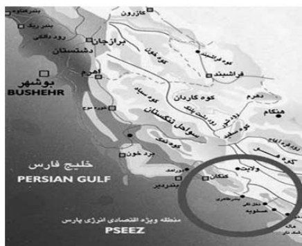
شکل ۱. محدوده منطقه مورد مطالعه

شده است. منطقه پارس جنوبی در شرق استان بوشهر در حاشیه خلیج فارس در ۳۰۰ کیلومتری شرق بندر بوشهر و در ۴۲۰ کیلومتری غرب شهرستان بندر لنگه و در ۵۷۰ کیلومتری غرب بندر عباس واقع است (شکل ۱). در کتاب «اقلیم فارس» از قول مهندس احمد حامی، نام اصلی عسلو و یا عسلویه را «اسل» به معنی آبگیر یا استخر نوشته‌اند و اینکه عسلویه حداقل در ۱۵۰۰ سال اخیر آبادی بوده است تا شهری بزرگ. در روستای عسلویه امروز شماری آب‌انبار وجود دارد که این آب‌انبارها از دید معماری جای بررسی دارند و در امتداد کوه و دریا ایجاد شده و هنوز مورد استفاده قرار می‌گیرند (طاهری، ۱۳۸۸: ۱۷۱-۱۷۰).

_ _ _ _

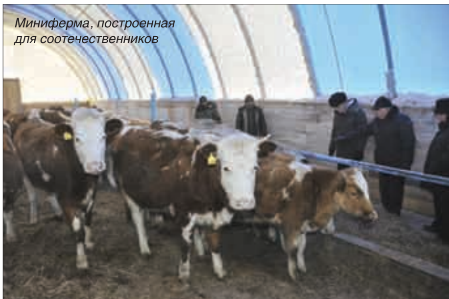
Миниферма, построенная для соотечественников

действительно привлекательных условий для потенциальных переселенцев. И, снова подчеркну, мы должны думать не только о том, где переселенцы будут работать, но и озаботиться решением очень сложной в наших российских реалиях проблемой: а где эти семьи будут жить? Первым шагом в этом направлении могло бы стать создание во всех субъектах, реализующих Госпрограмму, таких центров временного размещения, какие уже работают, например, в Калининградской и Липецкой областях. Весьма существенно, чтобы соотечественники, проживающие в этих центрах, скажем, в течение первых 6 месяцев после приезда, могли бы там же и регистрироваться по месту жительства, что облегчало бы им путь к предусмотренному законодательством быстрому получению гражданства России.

_ _ _ _

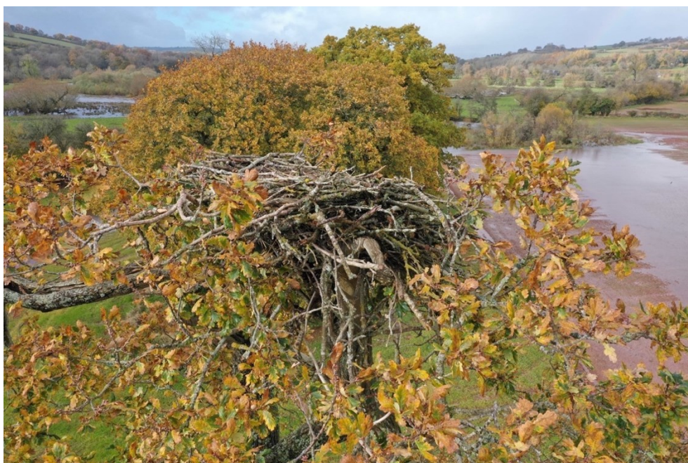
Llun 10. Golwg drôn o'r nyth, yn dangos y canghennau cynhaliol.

_ _ _ _

Task directions ▸
Go through the listing above and find each line containing the string "منطقه"; copy those lines.

Solved exercise ▸
شکل ۱. محدوده منطقه مورد مطالعه
شده است. منطقه پارس جنوبی در شرق استان بوشهر در حاشیه خلیج فارس در ۳۰۰ کیلومتری شرق بندر بوشهر و در ۴۲۰ کیلومتری غرب شهرستان بندر لنگه و در ۵۷۰ کیلومتری غرب بندر عباس واقع است (شکل ۱). در کتاب «اقلیم فارس» از قول مهندس احمد حامی، نام اصلی عسلو و یا عسلویه را «اسل» به معنی آبگیر یا استخر نوشته‌اند و اینکه عسلویه حداقل در ۱۵۰۰ سال اخیر آبادی بوده است تا شهری بزرگ. در روستای عسلویه امروز شماری آب‌انبار وجود دارد که این آب‌انبارها از دید معماری جای بررسی دارند و در امتداد کوه و دریا ایجاد شده و هنوز مورد استفاده قرار می‌گیرند (طاهری، ۱۳۸۸: ۱۷۱-۱۷۰).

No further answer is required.